如今看平喜拉著她狂奔的架勢,看來是鬧劇無疑了。

這要是被抓到可就徹底完了!

她不敢鬆懈,鉚足了力氣往前衝,平喜因為平日裏沒少挨慕容靖打以及**......他跑了沒多遠便氣喘籲籲地使不上勁,腳下絆了一下,驀地摔在地上。

秦可為趕緊回去扶他。

“跑!快跑呀!”

“可是你--”

“不用管我!他們抓到你,我們就徹底完了,你快走。”

平喜甩開秦可為的手,壓根不領情,將令牌塞進秦可為手裏,他起身更是往回跑去。

“平喜!”

秦可為心口微窒,若是平喜被抓到,慕容靖不會輕饒他的。

走?留?

她左右看看,最終決定往宮門口跑,她去找婉秀求救,將婉秀帶進來就可以救平喜了。

身後此起彼伏的慘叫,她一邊跑,一邊逼迫自己不去聽,可那聲音顫得她心驚,她忍不住回眸看一眼。

平喜死死地抱住蕭蘇寧,蕭蘇寧憤恨地打他,同時讓侍衛幫忙,侍衛們不可能至蕭蘇寧於不顧,於是拳打腳踢地逼迫平喜鬆手,平喜抱著蕭蘇寧卻沒半分鬆開的意思。

侍衛們打得更凶,甚至有一人拔出劍來,威脅平喜,“再不鬆手就殺了你。

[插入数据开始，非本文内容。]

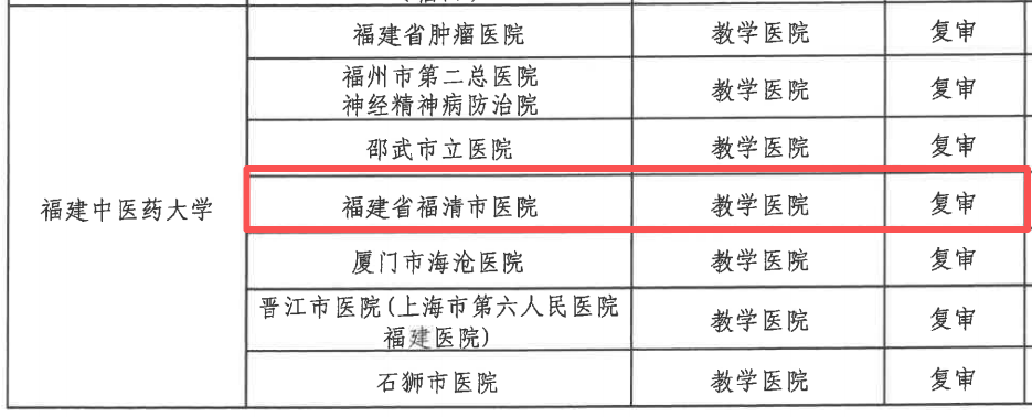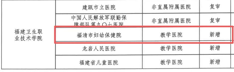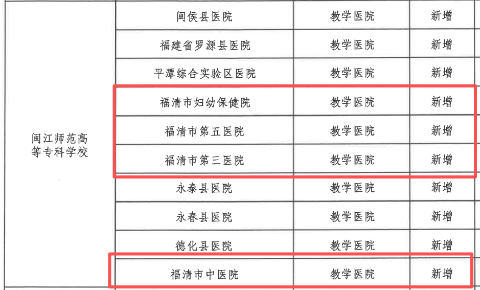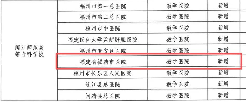 根据名单,福建省福清市医院通过复审,被福建中医药大学认定为教学医院,同时新增为闽江师范高等专科学校教学医院。福清市妇幼保健院新增为福建卫生职业技术学院和闽江师范高等专科学校教学医院。福清市第三医院、福清市第五医院、福清市中医院新增为闽江师范高等专科学校教学医院。
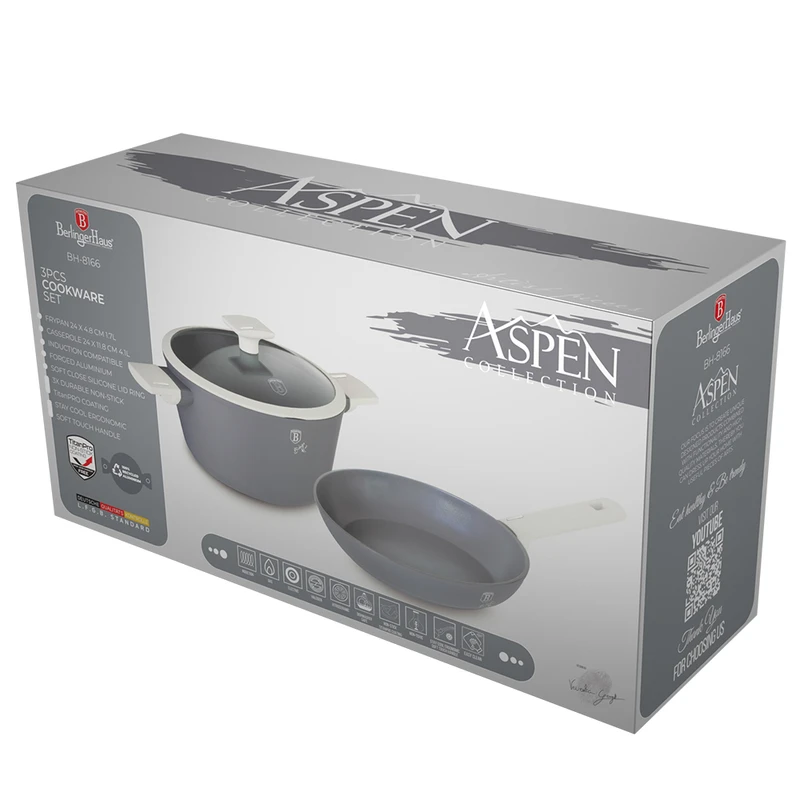 סט בישול אלגנטי מסדרת ASPEN Collection מבית Berlinger Haus, בעיצוב מודרני בגימור אפור מט, המשלב מראה נקי ויוקרתי עם ביצועי בישול מתקדמים לשימוש יומיומי נוח ויעיל.
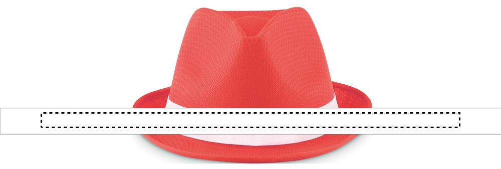 Шляпа из полиэстера, выглядит, как солома, декорирована ремешком. Для заказов без нанесения, лента комплектуется отдельно от изделия.
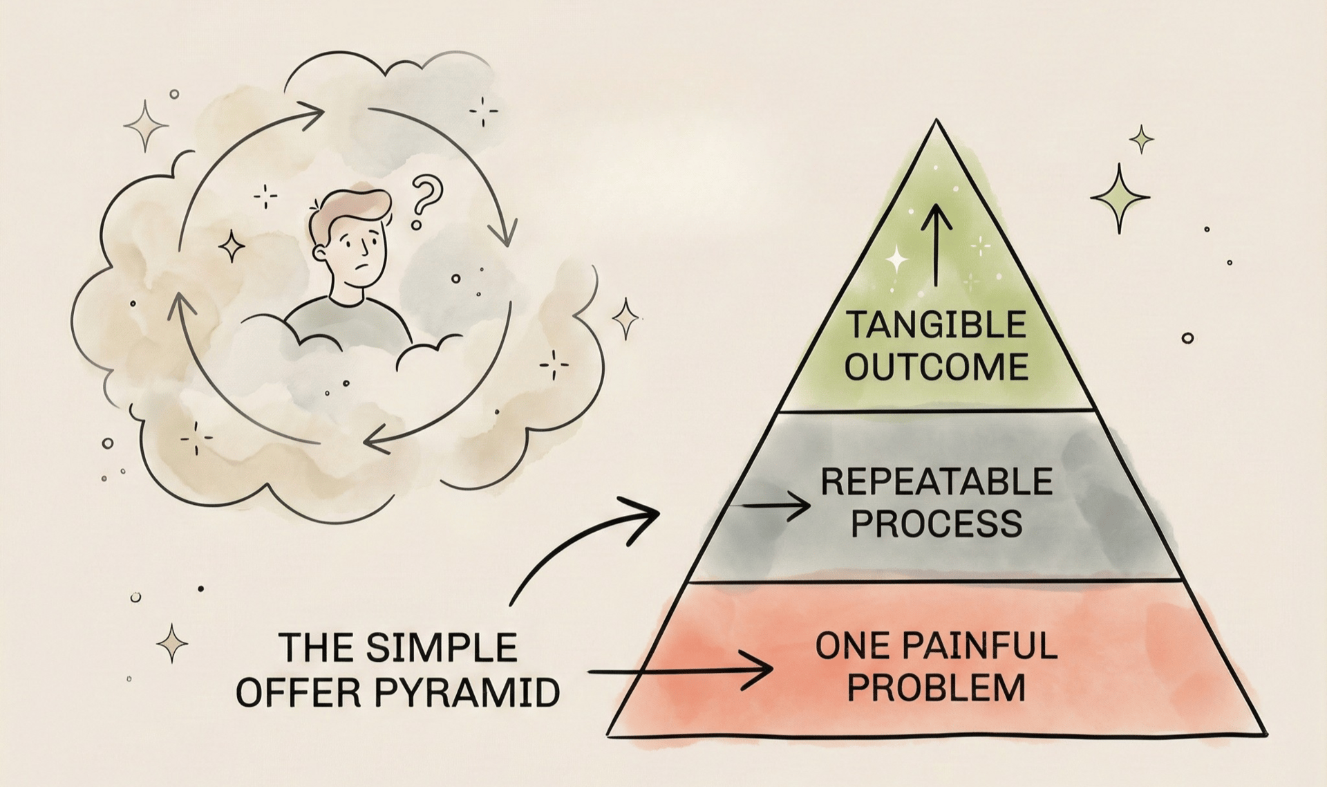 Do this: Look at your current offer (or the idea you've been sitting on). Write down one sentence for each level of the pyramid. If you can't, your offer isn't clear enough.
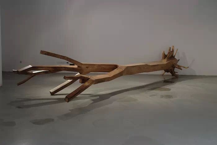 高迪曾说:直线属于人类,而曲线属于上帝。我对一颗死去的槐树的表层进行了几何化、直线式的处理,通过对槐树的有机化表面的否定(生物表面没有几何型的),直接把槐树的生命特征与木材的无生命特征集中在了一起。我试图从视觉上混淆一个概念——躺在那的到底是树还是木头?它到底是造物之作还是出自人类之手?作品完成后我意外的发现:曾经那棵荒芜的、瘫倒的、沉缓的大树,现在却有着如进行曲一般激昂的节奏和挺拔的精神,树的生命虽然逝去,但是人赋予它的精神气质却显得更加生动。

”

平喜依舊不動分毫。

因為他的執著,秦可為身後沒有一個追兵。

秦可為眼淚刷刷地往下掉,腳下步伐踏得更快,卻抵不去身後一次比一次慘烈的叫聲。

“媽的!”她一聲臭罵,終是忍不住調轉回頭。

死就死吧,她做不到!她沒辦法將平喜一個人留在這裏,承受她該承擔的錯,承受她該承擔的懲罰。

“給老娘住手!再打一下我扒了你們的皮!”

她快步跑回去,一把將平喜護進懷裏。

她的身子很柔軟,她的衣服上有淡淡的花香,不濃烈,正是讓人心曠神怡,平喜抬眸看向她,她威脅人的氣勢很囂張,她雙臂張開將他護在懷裏,像一隻被氣炸毛的老鷹。

容不得別人傷了她的犢子。

“誰再打啊?有本事你們今天連老娘一起打死,否則!隻要我有機會,我一定讓你們嚐嚐今日他十倍的痛苦。打啊!動手啊!”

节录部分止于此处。